→ **EXERCISE DIRECTIONS**
In your copy, include every line of the listing below exactly but none of the pictures.

→ **GIVEN MATERIAL**
◇ ◇ ◇

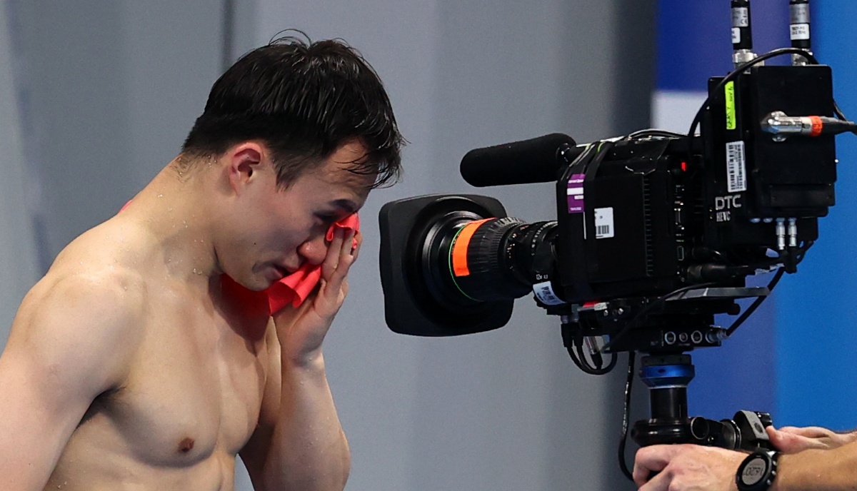 当地时间2021年8月3日,日本东京,2020东京奥运会跳水男子3米跳板决赛赛况。谢思埸落泪
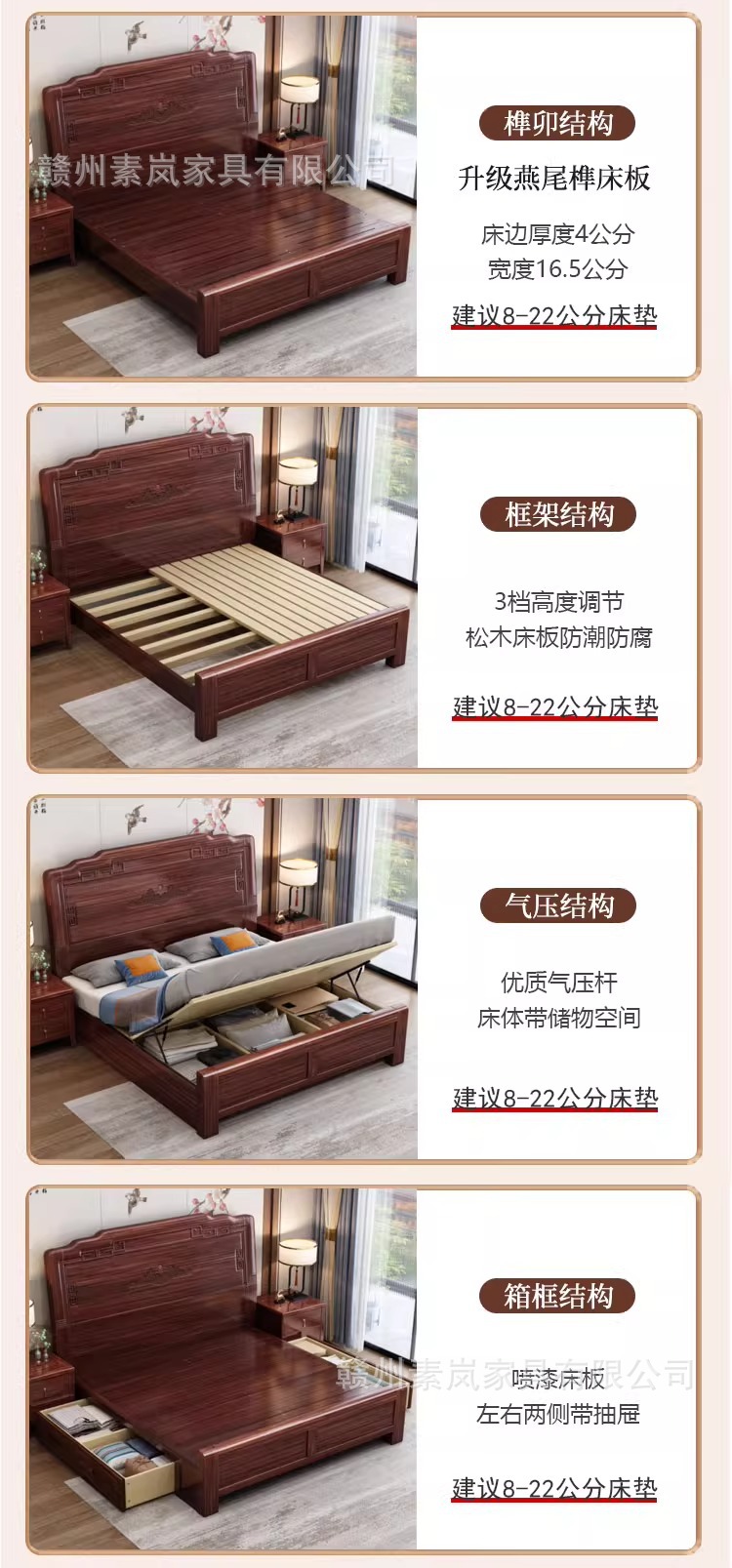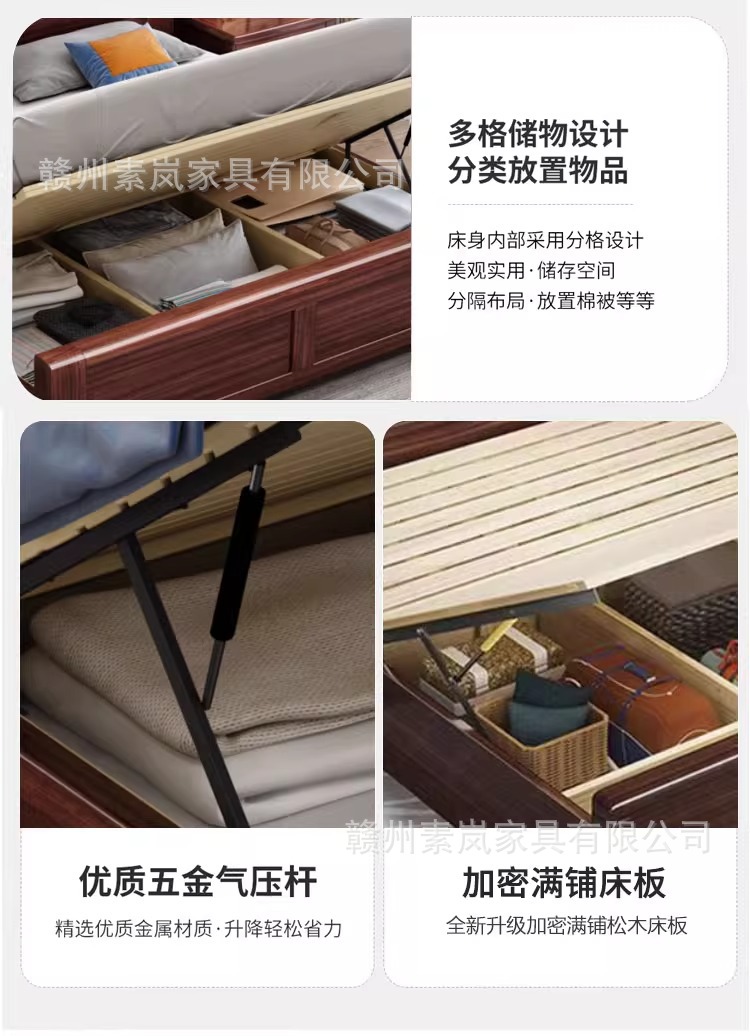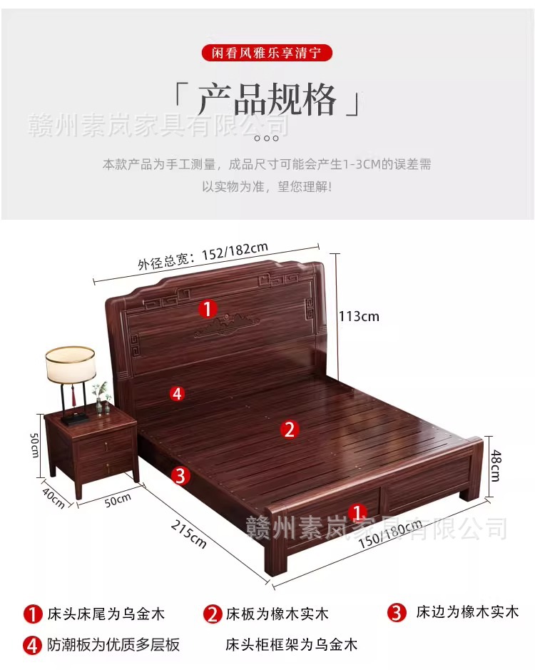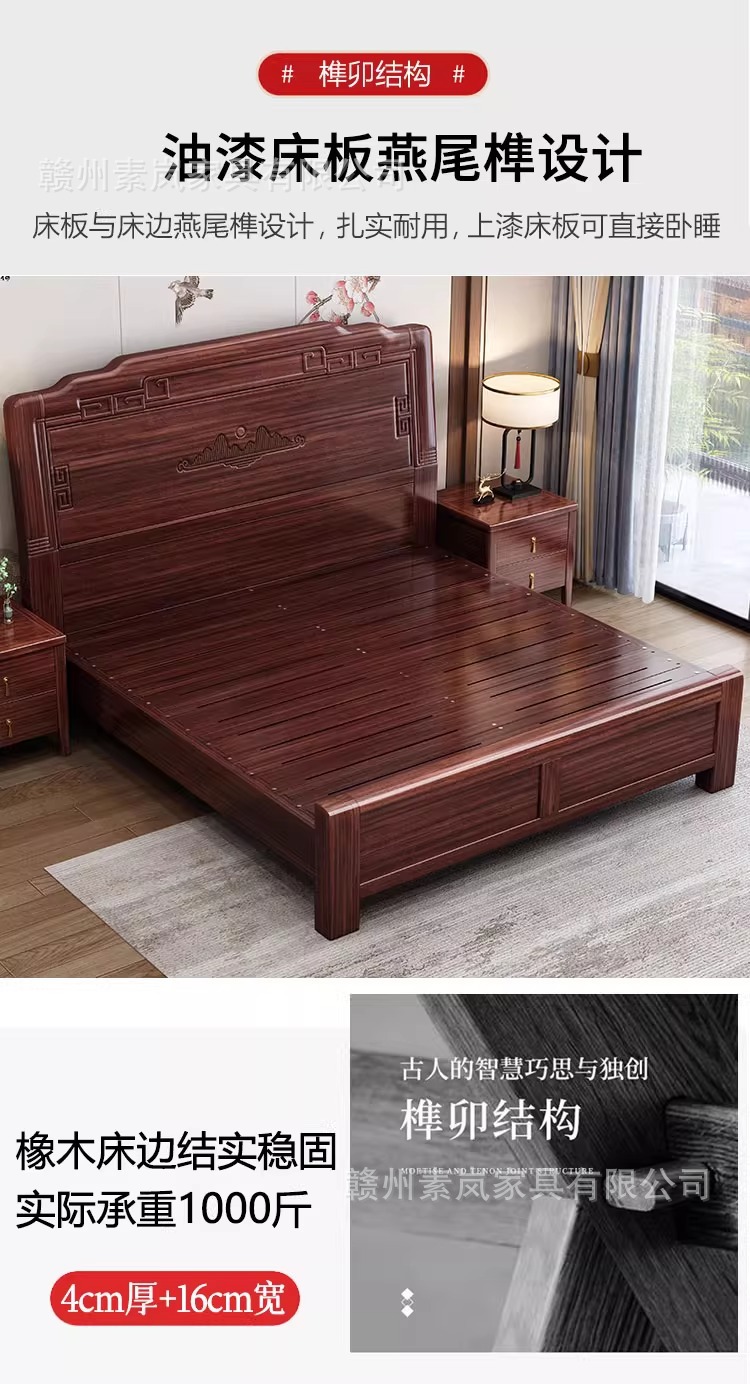 앤티크 조각된 새로운 중국 스타일의 검은색 금색 원목 침대 마스터 침실 1.8M 더블 침대 침실 1.5M 공기압 원목 침대스토어 가기
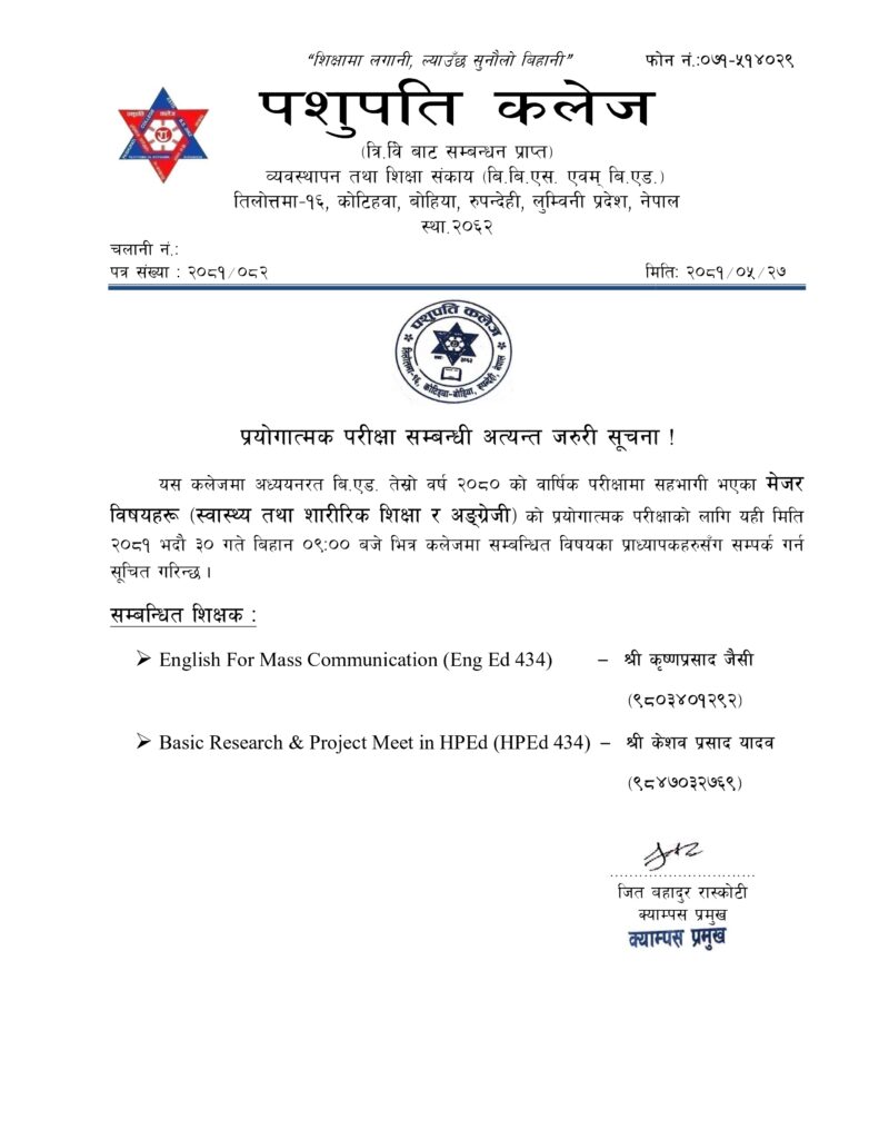 प्रयोगात्मक परीक्षा सम्बन्धी सूचना !

◇ ◇ ◇

→ **COMPLETED TASK**
 当地时间2021年8月3日,日本东京,2020东京奥运会跳水男子3米跳板决赛赛况。谢思埸落泪
 앤티크 조각된 새로운 중국 스타일의 검은색 금색 원목 침대 마스터 침실 1.8M 더블 침대 침실 1.5M 공기압 원목 침대스토어 가기
 प्रयोगात्मक परीक्षा सम्बन्धी सूचना !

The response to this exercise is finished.